You know, a little light beach reading.

Roll of Thunder, Hear My Cry was first published in 1976 and won the Newbery Medal for children's literature the following year. It's a sequel to a short novel that Taylor released in 1975, Song of the Trees. Several more novels also follow the Logan family's story: Let the Circle Be Unbroken (1981), The Road to Memphis (1990), The Well: David's Story (1995), and The Land (2001).

Despite Taylor's success, this book has made the American Library Association's list of the most frequently challenged books of the 21st century. To us here at Shmoop, that's a shiny badge of honor. Plus, she's in good company. Just check out some of the other titles that are guaranteed to get your friendly neighborhood over-controlling school board member all in a snit, including To Kill A Mockingbird and The Color Purple.

And check out what the author herself says about parents not wanting the book to be included in the school curriculum:

As a parent, I understand not wanting a child to hear painful words […] But also as a parent I do not understand trying to prevent a child from learning about a history that is part of America. (source)

And painful "history that is part of America" is exactly what Taylor tackles in this novel. No—it's not a pretty story with a happy ending all wrapped up nice and neat in a sparkly bow. Instead, Taylor's book makes our minds do some heavy lifting by confronting us with difficult and in-your-face topics like racism, inequality and poverty.

If the book banners consider this a bad thing, then we'll gladly give up our haloes.

 

What is Roll of Thunder, Hear My Cry About and Why Should I Care?

Raise your hand if you think racism and ugly things like segregation have all been taken care of in 21st-century America.

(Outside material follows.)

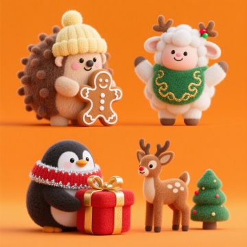 软3D风圣诞场景,拟人化兔子与姜饼人萌趣互动,毛发生长质感搭配粘土风小屋,营造温馨喜庆的节日氛围。
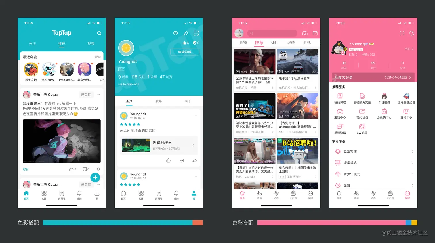 这是多数主流应用的趋势,降低主色占比,留出更多的空间给内容模块的展示上,突出自身带有的服务和功能。

Okay—if you signaled "yes," then give yourself a nice, figurative forehead smack (but be gentle) with that same hand, because it's not entirely true.

So, why should you care about Roll of Thunder, Hear My Cry? Even though the action of the book goes down before the Civil Rights and Black Power movements, don't think that the U.S. is out of the woods quite yet. We here at Shmoop have put together just a small sampling of reasons why you should, indeed, care. Because:

• Some people still believe that interracial marriage is wrong.
• Segregation is alive and well. Take a look at this documentary on segregated proms in Mississippi, or these maps of segregation.
• The number of black men in prison is staggeringly high.

Are things better? Totally, and thankfully. But Roll of Thunder, Hear My Cry forces us to realize that maybe that painful history isn't quite as historical as we'd like it to be.